Global Economics

Germany Takes Out Its Wallet


There are some obvious economic perks to having the World Cup soccer championship in Germany this month. Just ask Franz Julen, the chief executive officer of Intersport International, Europe's largest sporting goods retailer. The Zurich-based company, which does the bulk of its European business in Germany, sold more than $600 million in soccer-related products last year worldwide. "This year, we expect an increase of 30% because of the World Cup," Julen says. "Our goal is to generate more than $880 million in sales."

Call it the feel-good factor—and it's not just thanks to the World Cup. After a slow economic recovery led by booming export sales, a long-awaited upturn in German consumer spending appears finally to be kicking in. From the newly-reopened Kaufhof department store on Berlin's Alexanderplatz to the boutiques of Frankfurt's Goethe Strasse, shoppers are out in force.

"Private consumption is picking up," says Eckhard Wurzel, economist with the Organization for Economic Cooperation & Development. According to the Federal Statistics Office's latest report on the economy, it rose a solid 2.9% in the first quarter of 2006 compared to the same period a year ago. That's a key reason the OECD forecasts Germany's economy as a whole will grow 1.8% this year, vs. just 1.1% last year.

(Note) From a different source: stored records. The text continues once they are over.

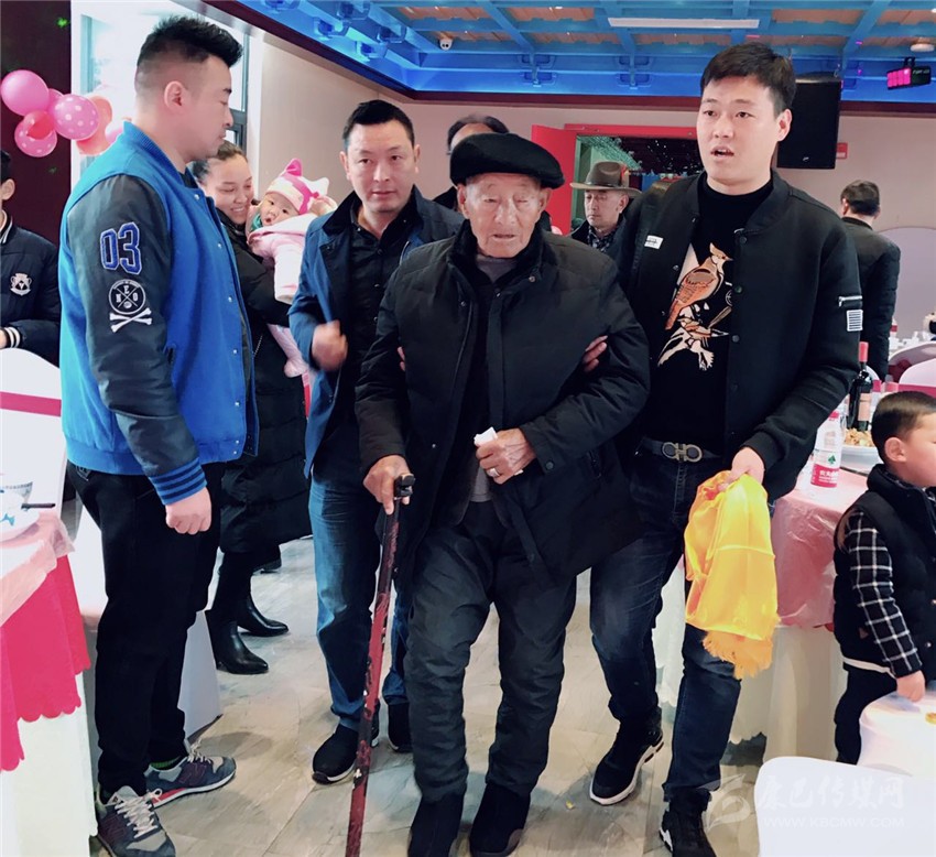 3月5日,在瀘定縣烹壩鄉(xiāng)十里香酒店,按照當(dāng)?shù)貍鹘y(tǒng),王瑞生的兒孫們提前為他隆重過百歲大壽。雖然已近百歲高齡,但王瑞生精神矍鑠,思路清晰,談吐自如,面色紅潤的他身著簡樸,胸前始終戴著2016年由中共中央、中央軍委頒發(fā)的“中國工農(nóng)紅軍長征勝利80周年紀(jì)念章”,接受親友們的祝福?!白D】甸L壽,開開心心”。親人們不絕于耳的祝福,老人心滿意足,笑容滿面?!昂?,好,我的家人團(tuán)圓和睦,家庭幸福,是我最大的心愿。”如今,老人已是四世同堂,家人濟(jì)濟(jì)一堂,親情流淌,老人幸福開懷。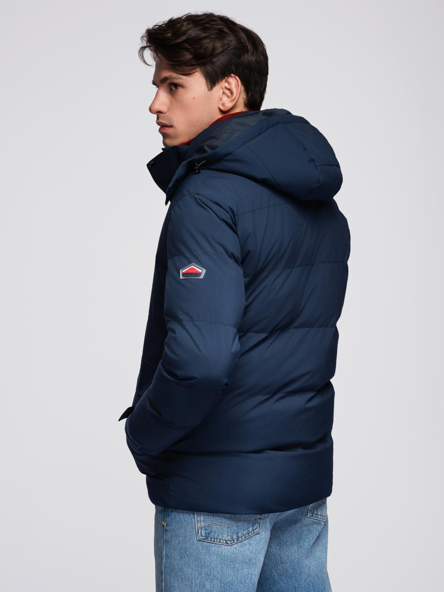 Muška prošivana jakna s kapuljačom - tamno plava V4 OM-JAHP-0235 Ombre Clothing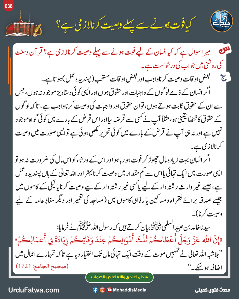 Post published: مئی 13, 2025 Post category: فقہ وفتاویٰ - وراثت ووصیت ناشر: مرکز النور (محدث میڈیا) کیا فوت ہونے سے پہلے وصیت کرنا لازمی ہے Post Views: 113 اس موضوع کے دیگر گرافکس مزید دیکھیں 342 بار دیکھا گیا جنت وجہنم ہمیشہ جہنم میں رہنے والے بدبخت لوگ مئی 8, 2025 244 بار دیکھا گیا 09. رمضان المبارک روزے کو باطل کرنے والے امور فروری 18, 2025 202 بار دیکھا گیا زکوۃ، صدقات وعشر بارش اور چشموں سے پرورش پانے والی فصل کا عشر مئی 1, 2025 اس ناشر کے دیگر گرافکس مزید دیکھیں 283 بار دیکھا گیا 19. حالات حاضرہ سیلاب زدگان کی مدد کیجیئے ستمبر 16, 2025 85 بار دیکھا گیا 18. متفرق احکام ومسائل بارش کے باوجود اناج کی قلت جنوری 13, 2024 176 بار دیکھا گیا انگلش گرافکس characteristics of believers نومبر 19, 2025

LIVING IT UP. No doubt the World Cup helps. Silvia Pepino, senior European economist at JP Morgan in London, predicts the month-long championship could add half a percentage point to the German gross domestic product this year, based on the experience of France, which hosted the Cup in 1998 (see BusinessWeek.com, 3/22/06, "For Germany, a Cup of Plenty?").

But consumers are spreading their money around on other things, as well. Germany's second largest tourism group, Thomas Cook, which is a joint venture of airline Deutsche Lufthansa and retailer KarstadtQuelle, says summer advance bookings in Germany are up 9.8% year-on-year. Retail sales jumped 3.1% in April vs. the previous month. And new car registrations, already up 3% year to date, surged 9% in May, says Deutsche Bank.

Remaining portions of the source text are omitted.